Potential implications for rhGH therapy

While it is generally recognized that GH deficiency (GHD) is associated with cognitive impairment, and that GH administration, in addition to promoting overall growth, also significantly improves memory and cognitive capacity, its optimal mode of administration and safety remains under debate [28,29,30,31]. Our results demonstrating dynamic effects of rhGH administration on inhibitory synaptic transmission over the course of development add developmental age as an additional factor for consideration. By showing that in addition to regulating synaptic transmission in hippocampal CA1 pyramidal neurons, rhGH can also regulate synaptic transmission in S1BF L2/3 pyramidal neurons, we extend the target brain regions of rhGH. These results suggest that many more factors need to be taken into account when assessing the in vivo consequences of rhGH administration.

The rapid effects of rhGH on increasing excitatory and inhibitory synaptic transmission may draw concern from some, worried about accumulation of such effects following multiple administrations. We note that although plasma and brain tissue levels of rhGH are elevated 2 h following sc injection Figs. 1b, 2f, k, they return to baseline levels at 24 h. Consistently, 24 h after sc injection of rhGH, excitatory and inhibitory synaptic transmission are not significantly altered (Fig. S1). This result suggests that rhGH administration only has transient effects on synaptic transmission. However, it is not known whether multiple administrations of rhGH may have cumulative effects. Previous studies have shown that the pattern of rhGH administration, in addition to the dose, affected outcome [56, 57]. Based on existing evidence, we suggest that rhGH administration in P21 or older mice, or equivalent age in humans, would be preferable, as E/I balance is maintained.

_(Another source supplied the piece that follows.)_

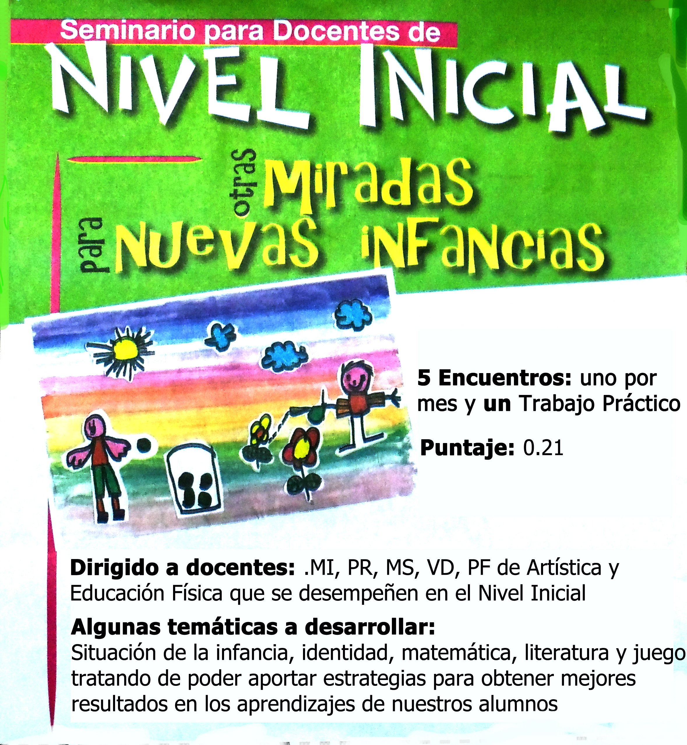 La Secretaria de Cultura del SUTEBA Seccional La Plata, en el marco del acompañamiento permanente de nuestro sindicato a los Trabajadores de la Educación del Distrito, invita a todos los docentes que se desempeñen en el Nivel Inicial (MI, PR, MS, D, VD, PF de Artística y Educación Física, EOE) al Seminario: Otras miradas para nuevas infancias». El mismo constará de 5 encuentros y otorgará un puntaje de 0.21 y tiene justificación de inasistencia (Art. 115-c2). Los Encuentros tendrán una frecuencia mensual y se realizarán en nuestra Sede Gremial. Algunos de los temas a tratar serán:

In summary, by systematically characterizing the short-term effects of rhGH administration on excitatory and inhibitory synaptic transmission in multiple brain regions and multiple developmental time points, our results reiterate the complexity by which neuromodulators dynamically regulate neural circuit wiring and plasticity. Our results draw particular attention to dynamic regulation of E/I balance over the course of development. More extensive characterization of the short- and long-term effects of rhGH in animal models and humans are needed to better guide safe administration and optimal treatment effects in humans.